__TASK__:
Among the lines below, the one containing "Flachsteckhülsen isoliert und" opens the range and the one containing "このWN-G300Rですが、" closes it. Print that range exactly, without the pictures.

__COLLECTED MATERIAL__:

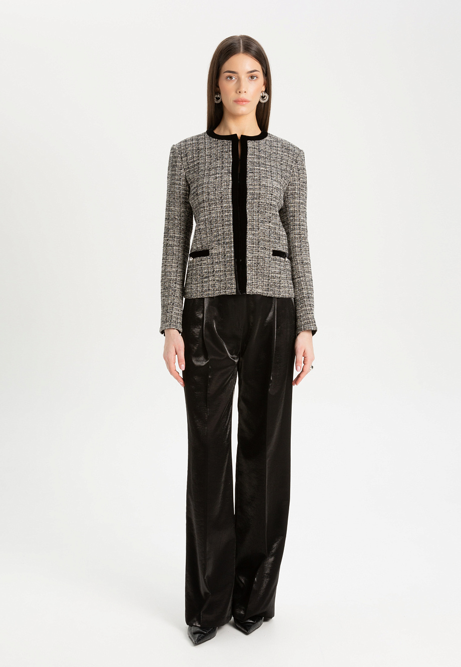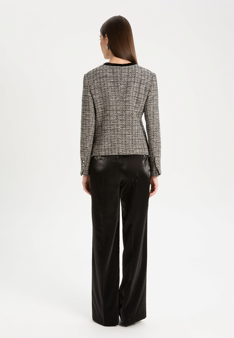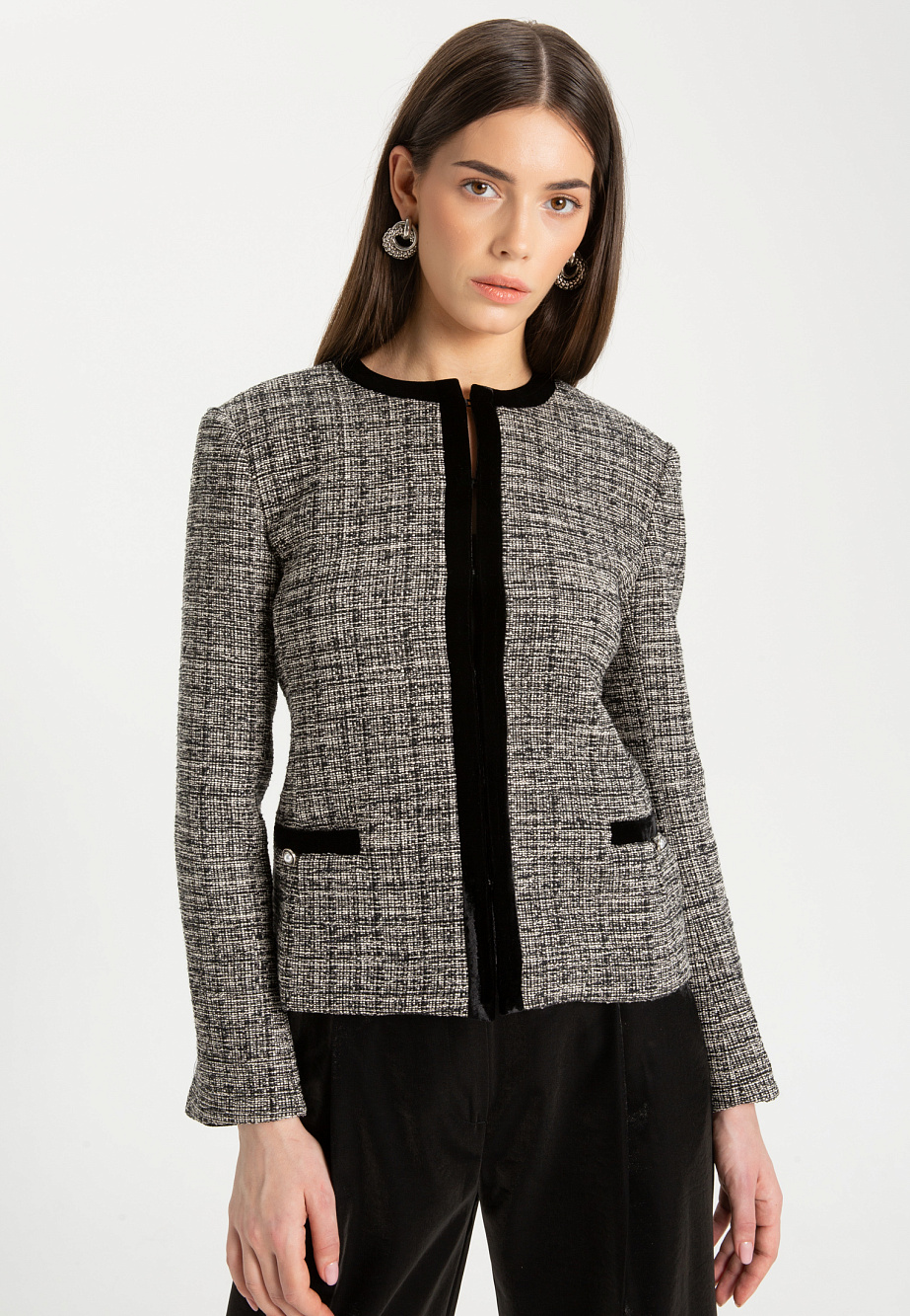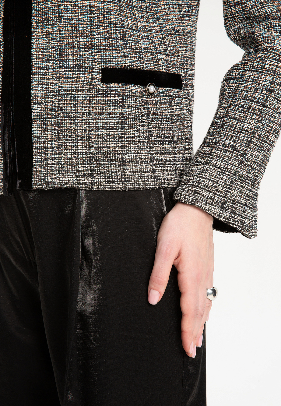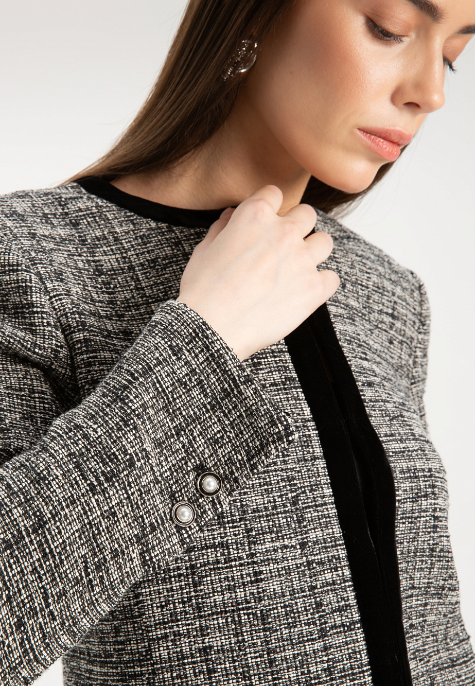 Укороченный твидовый жакет с бархатной отделкой — классика вне времени. Модель прямого силуэта с круглой горловиной застегивается на крючки и дополнена декоративными пуговицами на рукавах и карманах. Бархатная обтачка позволяет регулировать длину рукавов, а подкладка из вискозы обеспечивает комфорт в носке. Универсальная модель на каждый день и для особых случаев.
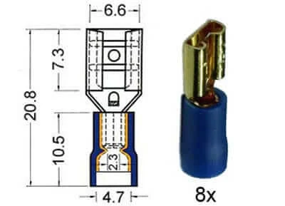 Flachsteckhülsen isoliert und vergoldet Ø 6,3mm, blau
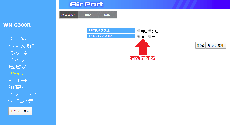 このWN-G300Rですが、デフォルト設定で「IPSecパススルー」が無効になっているようです。
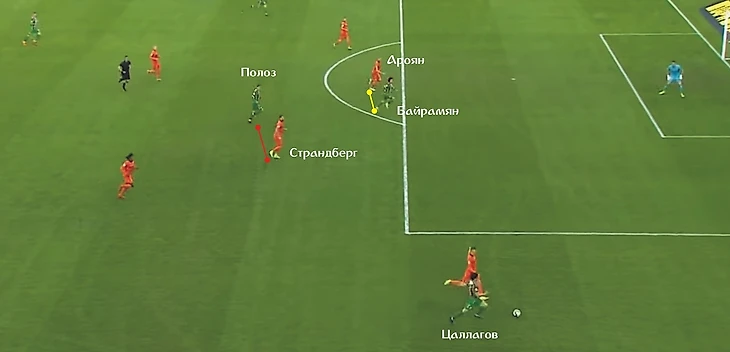 Атака началась с правого фланга "Рубина", где большую активность проявлял Цаллагов. Казанцев в атаке было всего трое: кроме Цаллагова это пара нападающих Байрамян и Полоз. Однако, чтобы забить мяч, оказалось достаточным и грамотных действий и небольшой ошибки защиты, а именно Страндберга. Видим, как Ароян контролирует Байрамяна, а вот Страндберг забыл про Полоза, оставив того в одиночестве.

__FINAL ANSWER__:
 Flachsteckhülsen isoliert und vergoldet Ø 6,3mm, blau
 このWN-G300Rですが、デフォルト設定で「IPSecパススルー」が無効になっているようです。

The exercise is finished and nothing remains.